AMENDMENT 2 TO SUB-ADVISORY AGREEMENT
AMENDMENT 2 TO SUB-ADVISORY AGREEMENT
THIS AMENDMENT is entered into as of March 1, 2018 to amend the SUB-ADVISORY AGREEMENT (the “Agreement”) dated January 7, 2014 and as amended July 1, 2014 by and between Xxxxxx LLC, a California limited liability corporation (formerly Xxxxxx Associates Inc., a California corporation, until September 1, 2017) with its principal place of business at 000 Xxxxxxxxxx Xxxxxx, Xxxxx 000, Xxx Xxxxxxxxx, XX 00000-0000 (the “Adviser”), and Massachusetts Financial Services Company, d/b/a MFS Investment Management, a Delaware corporation with its principal place of business at 000 Xxxxxxxxxx Xxxxxx, Xxxxxx, XX 00000 (the “Sub-Adviser”).

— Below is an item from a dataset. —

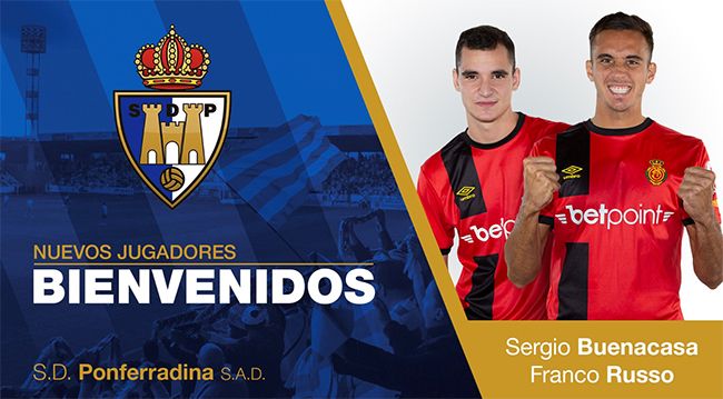 Foto SD PonferradinaA tres días de iniciar la pretemporada –el próximo lunes–, la Deportiva Ponferradina ha anunciado las primeras novedades en su plantel de cara a su retorno a LaLiga 1|2|3. El delantero centro aragonés Sergio Buenacasa y el defensa argentino Franco Matías Russo se incorporan al equipo de la capital del Bierzo en calidad de cedidos por el Mallorca, conjunto recién ascendido a LaLiga Santander.

WHEREAS, pursuant to authority granted to the Adviser by the Board of Trustees (the “Board”) of THE KP FUNDS (the "Trust") on behalf of the series set forth on Schedule A to the Agreement (the "Fund") and pursuant to the provisions of the Investment Advisory Agreement dated as of December 18th, 2013 between the Adviser and the Fund (the “Management Agreement”), the Adviser has selected the Sub-Adviser to act as sub-investment adviser of the Fund and to provide certain related services, as more fully set forth in the Agreement;
WHEREAS, Xxxxxx Associates Inc., a California corporation, underwent a corporate reorganization whereby it converted its legal structure into a California limited liability corporation, changed its name to Xxxxxx LLC and assumed all rights and responsibilities under the Agreement; and
WHEREAS, the Adviser and the Sub-Adviser desire to amend the Fee Schedule set forth in Schedule A of the Agreement;
NOW, THEREFORE, in consideration of the renewal of the premises, promises and mutual covenants contained herein and in the Agreement, the parties agree that the Agreement is hereby amended as follows:
1. The Schedule A attached to this Amendment hereby replaces the current Schedule A to the Agreement.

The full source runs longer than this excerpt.